Yeasts were cultivated in rich medium supplemented with 2% glucose and harvested by centrifugation at D₆₀₀ ≈ 1.0. Glucose concentration from enzymatic breakdown of glycogen (A) by amyloglucosidase from A. niger, was determined by the Glucose (HK) Assay Kit (GAHK-20, Sigma). Trehalose (B) content determination assay was performed using Trehalose Assay Kit (Megazyme International Ireland, Wicklow, Ireland) according to the manufacturer's protocol. Trehalose and glycogen content is presented as a mean value of at least three independent biological replicates with standard deviations. There were no significant changes in the ethanol production rate between wild-type (MB159-4D) and maf1Δ strain (C). maf1Δ accumulated glycerol (D). Ethanol and glycerol concentration was determined under Fermentative capacity assay (FCA) conditions in maf1Δ strain (C and D).

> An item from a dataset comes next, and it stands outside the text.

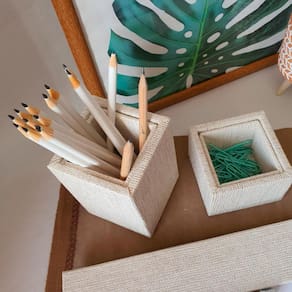 Porta Canetas: Altura: 12 cm (x) Largura: 8 cm (x) Profundidade: 8 cm.

Fermentative capacity assay was performed as described by van Hoek et al. [75] with modifications (for details, see Materials and methods section). All assays were performed in triplicates. Results are shown as mean concentration (g/L) value with the standard deviation in time (min). ‘C-limited’ stands for ‘carbon-limited conditions’. Asterisk (*) indicate P-value <0.05 and double asterisk (**) illustrate P-values <0.1 according to Student's t-test calculated from biological replicates.